Date: 2024-07-19

Problem

  • The way run length encoding work is that we encode a sequence of consecutive and identical characters of data as a single digit data value and count, in contrast with the original. For instance, if we a run of data such as “AAA” the run-length encoding would be “3A”.
  • If we have for instance “AAAAAAAAAAAA” (12A’s) we can’t just say “12A” since the string can either be encode as “12A” which represents “AAAAAAAAAAAA” or “1AA”. Therefore, long runs (10 or more characters) should be encoded in a split fashion. The correct encoding should be “9A3A”.

Solution

  • It would be most optimal to make a list or array to hold the new encoded string.
  • It is not optimal to use a string to concatenate to, because we are essentially creating a new string every time we do so. Strings are immutable (cannot be changed once they are created) under the hood what is happening when you concatenate to a string is that a new string is created in memory to hold new this string. This would be give us an O(N) operation on the new string and since we are already looping through the input string, we end up with an operation that is costing us a time complexity of O(N^2)
#NON OPTIMAL SOLUTION USING A STRING TO OPERATE ON
string = ''
 
string += "4A"
 
# The above requires creating a new string in memory every time.
  • Space complexity is at most O(n) and time complexity is at worst O(n) since we are only iterating through the input array once.
def runLengthEncoding(string):
    encodedStringCharacters = []
    currentRunLength = 1
 
    for i in range(1, len(string)):
        currentCharacter = string[i]
        previousCharacter = string[ i - 1]
 
        if currentCharacter != previousCharacter or currentRunLength == 9:
            encodedStringCharacters.append(str(currentRunLength))
            encodedStringCharacters.append(previousCharacter)
            currentRunLength = 0
 
        currentRunLength += 1
 
 
    encodedStringCharacters.append(str(currentRunLength))
    encodedStringCharacters.append(string[len(string) - 1])
 
    return "".join(encodedStringCharacters)
  • This solution begins by creating two variables:
    • encodedStringCharacters = [] This is a list that will hold the final encoded string value.
    • currentRunLength This variable keeps track of the run of the data, or how consecutive something is right now
  • To begin the algorithm we start by iterating over the string, starting at index 1.
  • We then define the current character and the previous character (i - 1)

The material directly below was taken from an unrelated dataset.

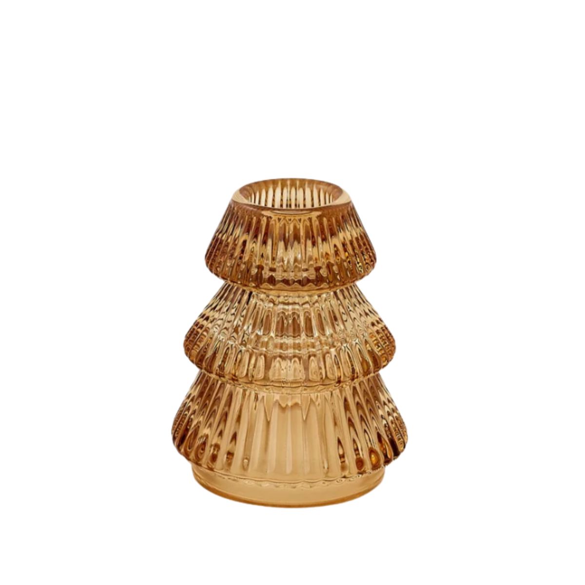 Bring a touch of golden elegance to your holiday table with this charming tree-shaped taper candle holder. Standing at a petite 3.25 inches, it's the perfect size for creating cozy, festive moments without taking up precious space.

  • Now we need to figure out a way to catch the following conditions: if current character is not the same as the previous character and when we’ve surpassed our single digit representation
  • Therefore we say if currentCharacter != previousCharacter or currentRunLength ==9
  • Then we can start appending our run length and the corresponding character which would be the previous character because that is the last one we checked that is the same as the previous. Meaning if the characters changed then now currentCharacter is different that the data run.

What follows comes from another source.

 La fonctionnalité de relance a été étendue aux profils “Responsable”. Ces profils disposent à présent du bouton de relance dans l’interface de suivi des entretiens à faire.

  • Since our data run ends we have to reset our currentRunLength back to 0. This is because we no longer have the same sequence and have to start over again.

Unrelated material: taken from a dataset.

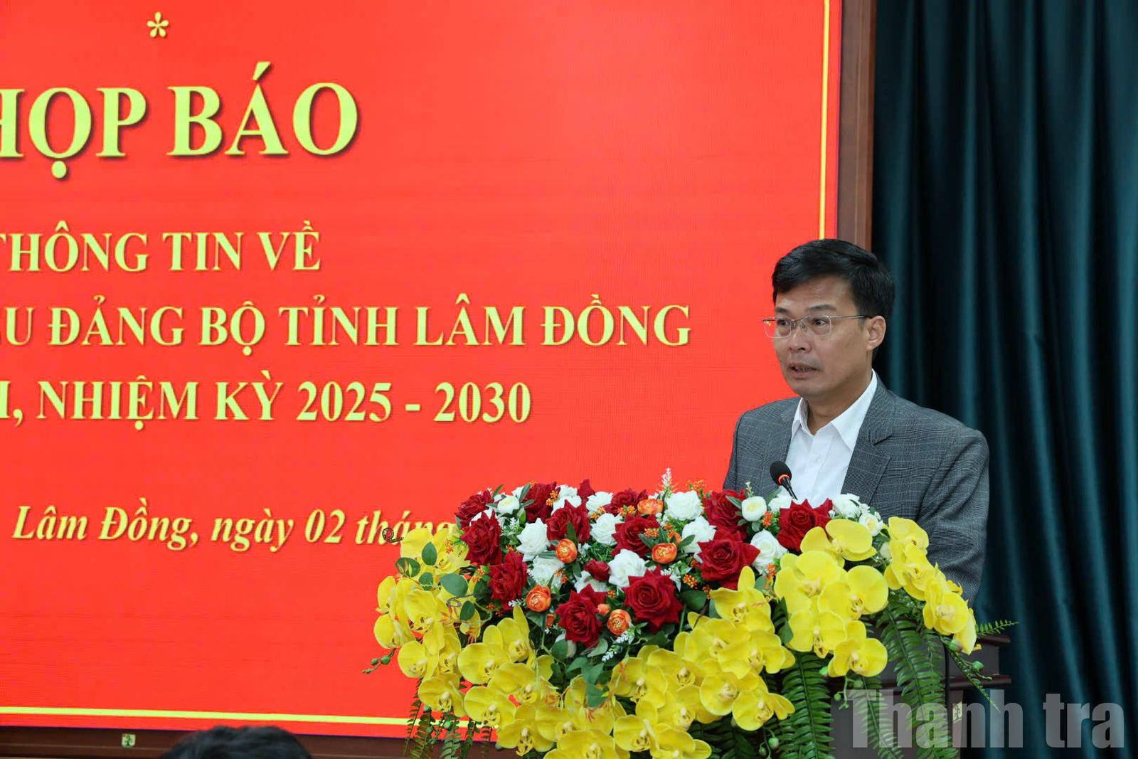 (Thanh tra) - Sáng 2/10, Tỉnh ủy Lâm Đồng tổ chức họp báo thông tin về Đại hội đại biểu Đảng bộ tỉnh lần thứ I, nhiệm kỳ 2025 – 2030.

  • Under the if statement we also add to the currentRunLength to keep track of the current data run as well as moments where the currentRunLength resets that will take care of it too.
  • After all this we need to handle the last run, this is because the for loop will at most stop at the final character, but we need a way to also capture the run length of this one too. Therefore after all operations are done we can simply add the final currentRunLength and append the value at the end of the string.
  • Then finally, we just return the final string using .join on the list.